Recently in the United Kingdom police have started arresting pub owners who use these players in their pubs. Now Canada has banned their sale pending a full trial.

The ban focuses on the sale of “pirate” boxes loaded with apps, such as Showbox, and players who promote third-party Kodi add-ons for the free streaming of copyrighted movies and TV.

This case comes from Canadian broadcasters who claim that boxes sold by ITVBOX.NET, My Electronics, Android Bros Inc., WatchNSaveNow Inc, and MTLFreeTV all come configured with software designed to receive their copyrighted content.

Back in April 2015 Canadian broadcasters purchased boxes from the listed defendants to test them. They not only found that the devices provided access to their content for free, but they also discovered that the defendants advertised their products as a way to avoid paying for cable bills.

As a result of this testing, Canadian broadcasters filed a claim under both the Copyright Act and Radio Communications Act in Canada for “illegally decrypted programing.”
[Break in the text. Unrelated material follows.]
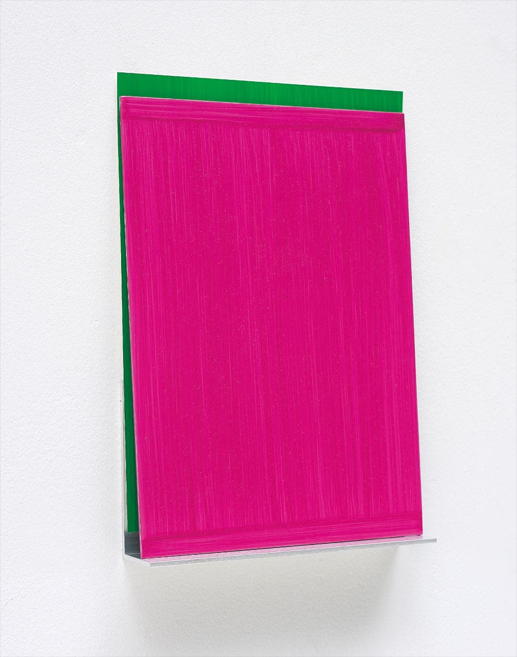 Acrylic on aluminium and plastic in pink and green respectively, with metal hanging unit,
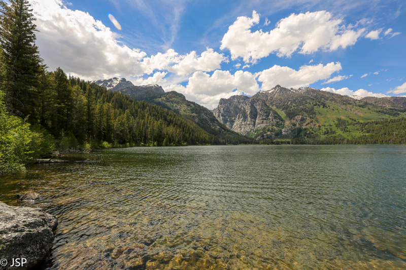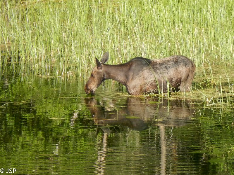 Labai patiko mums šis žygis aplink gražuolį Phelps ežerą, bet kaip visada užtrukome ilgiau nei planavome – keturias valandas. Kai grįžtame prie mašinos, jau beveik šešios. Važiuodami atgal link Moose Junction, svarstome, ar sukti į šiaurę, link Jenny Lake, ar važiuoti į pietus, į Jackson, kur ketiname nakvoti. Apsispręsti padeda briedžiai – tiksliau, briedė, įbridusi į upę atsigerti. Kol pasigėrim, kol nufotografuojam, saulė dar šiek tiek arčiau laidos pasislenka.

At the first hearing the plaintiffs showed up in force with lawyers but court documents revealed that only one defendant attended the hearing. Vincent Wesley of MTLFreeTV told the court that he had nothing to do with the development or maintenance of the installed software. The set-top boxes, he argued, are just pieces of hardware, such as a tablet or computer, and have “substantial non-infringing uses.”

The court seemed less than convinced by his claim stating, “The devices marketed, sold and programmed by the Defendants enable consumers to obtain unauthorized access to content for which the Plaintiffs own the copyright. This is not a case where the Defendants merely serve as the conduit, as was argued by Mr. Wesley,” Judge Daniele Tremblay-Lamer wrote in her order.

“Rather, they deliberately encourage consumers and potential clients to circumvent authorized ways of accessing content—say, by a cable subscription or by streaming content from the Plaintiffs’ websites—both in the manner in which they promote their business, and by offering tutorials in how to add and use applications which rely on illegally obtained content.”

As is often the case, the defendants’ marketing strategies appear set to haunt them. All imply infringing uses with descriptions such as “Original Cable Killer,” “Cancel cable today,” “Every Movie Ever Made,” “Every TV Show Ever Made,” and “Live Sports and Events.”

“This is not the first time a new technology has been alleged to violate copyright law, nor will it be the last. There are questions for the Court to resolve at trial rather than at this interlocutory stage,” the judge wrote.

The court case is far from over but for now sales in Canada of “pirate” boxes are banned.